37 Comments to How much electric current does a truck really use?

  • Nice litte project this one!
    I’m inspired to do a similar project, just for fun.
    I read you’re using Hyperterminal and Excel.
    You could pretty easy get rid of Hyperterminal and just use Exel, as it has VBA in.
    Google ‘Visual Basic’ and ‘serial’ would give you a lot of examples to knick from.

  • imsolidstate says:

    Thanks, I’ll check that out. I didn’t know Excel could do that. One of these days I need to start learning VB so I can get more use out of Excel.

  • Muris says:

    Great project(s)! I really like it.

  • [...] it can be to pin-point the source of your woes. Here’s a hackery solution that uses a diy PCB to monitor the current being drawn off of the alternator.The sensing is provided by an Allegro ACS758 integrated circuit. This chip [...]

  • Pouncer says:

    Very nice project.

    I hope you’ll explain your findings on the brake box. Since I know typically a tandem trailer box will need a beefy 40amp fuse, it’s definitely a head scratcher. Unless the brakes are pulling juice directly from your break away box, and you’re simply trickle charging that battery.

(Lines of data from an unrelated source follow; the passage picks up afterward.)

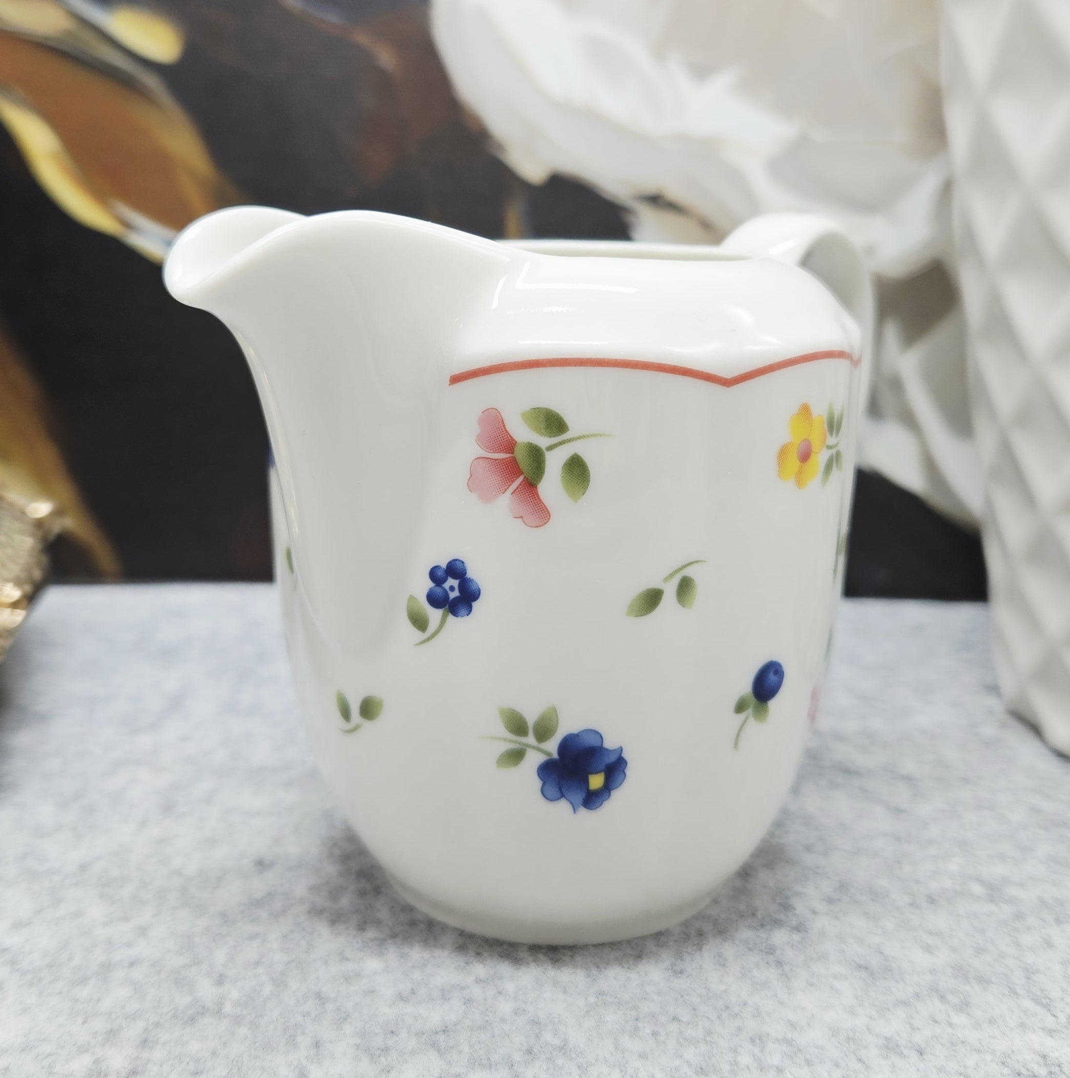 Krug aus deutschem Porzellan "TCM Qualitätsporzellan Germany". Die Kanne ist mit bunten Blumenmotiven und einem zartrosa Rand verziert.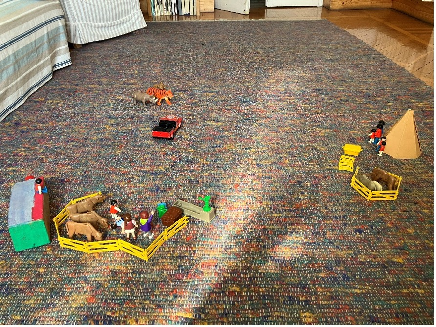 Al di là della immediata, facile traduzione simbolica dei contenuti che ho proposto, quello che mi preme sottolineare è il valore del gioco condiviso che permette alla bambina di poter esprimere una gamma di emozioni/pensieri, dal desiderio/bisogno di intimità e vicinanza, trasformazione della rigida necessità della separatezza che apre invece la seduta, ai temi aggressivi-distruttivi degli incontri con gli animali selvaggi.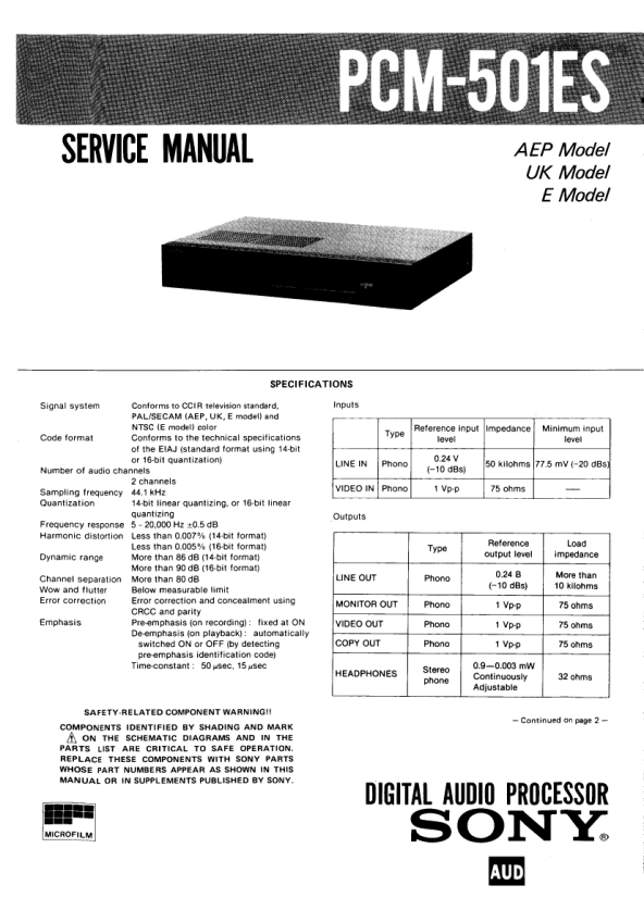 Descripción del SONY PCM501ES Manual de Servicio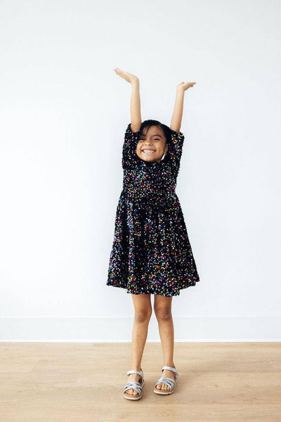 Our sequin dress is sure to make your little one feel like a star. It is the perfect choice for creating magical moments and unforgettable memories. Perfect for birthdays, weddings, family photos, or any special occasion. Dress is fully lined, but please remember it is made from sequins so if your little one is sensitive it can cause irritation.

    BTW, gratz on being picked up by Hack a day.

  • Jimbo says:

    Great bit of work beats a crappy analog meter. I also like the fact you can log the data to a file on your laptop and investigate problems on the move ie loose connections etc. Good Job.
    -Jim

  • Larry says:

    that’s because the current is needed to hold the internal valve open (like keeping the water heater valve open) for driving fluid to pass, to push the propeller for the driving

    And the reason you run wires that’s able to handle hundreds of amps for only few amps, is resistance.
    With this low resistance, no power is consumed as heat thru the wire, and all consumed on the load, like the lights.

  • Ragnar says:

    Maybe the PCB-Copper area in the high current path plays into your calculations: http://circuitcalculator.com/wordpress/2006/01/31/pcb-trace-width-calculator/

  • Alan Parekh says:

    Nice project. That is a cool hall-effect device! I like the quick and dirty data collection method, nice and simple.

  • John says:

    Where were you 3 months ago when I was struggling with my electrical system in my little car? I put a sub in, and then went through three reman alts, and upgraded wiring before i decided to get a deep cycle battery from deka and a 180 amp alt from a custom builder. The whole time I was wishing I had this exact thing, but didn’t even think about building it myself. I really have to drop in here more often!

  • greenyooper says:

    Nice work – I was looking for a logger for my wind turbine, this will be perfect! Thanks

  • Stephen says:

    You can also take the output to a simple led driver for a bar graph display. I forget the chip I used to make a voltage display for one of my older cars, but it was really simple. Great job!! I know what I’ll be building next.

  • Brett_cgb says:

    I’ve worked towards doing pretty much this exact thing. Allegro offers evaluation boards (ASEK713ELC-20A-T) for $20 based on the ACS713 (and similar) parts. These generally support uni-polar (positive current only) and bi-polar (Pos and Neg current) current sensors in the 5-30 Amp range. The actual sensor can be swapped out as your needs change.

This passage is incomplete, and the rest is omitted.